- Born: 28 January 1964 (age 62) Liverpool, England
- Education: St. Martin's College
- Website: www.sonjanuttall.com

= Sonja Nuttall =

British fashion designer (born 1964)

Sonja Nuttall is a British fashion designer.

==Early life==
Nuttall was born in Liverpool, England.
She attended St. Martin's College and, in 1991, completed a Bachelor of Arts in Fashion Design and Textiles.

==Career==
Nuttall had her first fashion show on the London catwalks in 1993 and was referred to as a "young Jil Sander." By 1996, she began selling her services as a consultant.

In 2004, Nutall, was one of Jill Sander's in-house design team. The team was responsible for fronting the designer temporarily, after the departure of Jill Sander. Nuttall had a fashion career in the nineties, which included consulting for companies like Marks & Spencer and Furla, in the fields of fashion and product design.

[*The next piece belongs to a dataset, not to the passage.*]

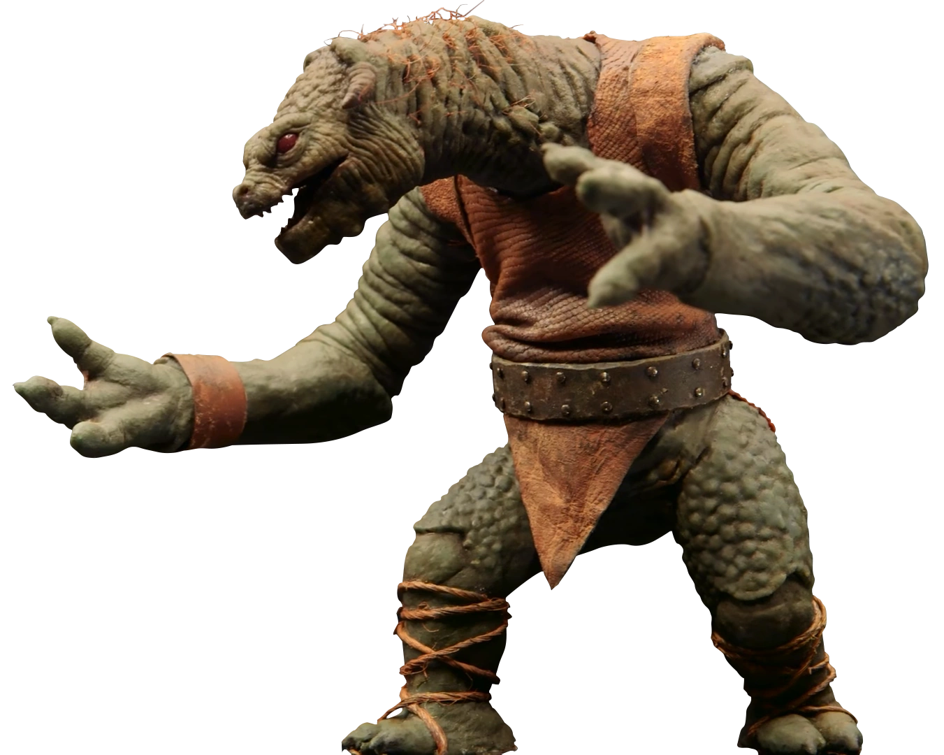 Mantellian Savrips were a sentient, but technologically primitive, reptilian species from the planet Ord Mantell whose appearance was used for one of the holographic pieces in the game dejarik.[1] Large in size,[3] they had gray skin and horned heads with red eyes, attached to their upper torsos by long necks partially covered in strands of orange hair.[2] Mantellian Savrips had a pair of long, powerful arms that terminated in claw-tipped, four-fingered hands and two short legs with three-toed feet.[4]

In 2010, Nutall helped other Urban Zen employees to set up a resting spot for attendees of the inaugural TEDWomen conference in Washington D.C.

==Charity work==
As early as 1998, Nuttall participated in such causes as Put Smoking out of Fashion. In 2007-2012 Nuttall was employed by the Urban Zen Foundation. Nuttall currently makes leather and recycled watches which she sells online

Nuttall is also an active Buddhist and has studied under Myokyo-ni.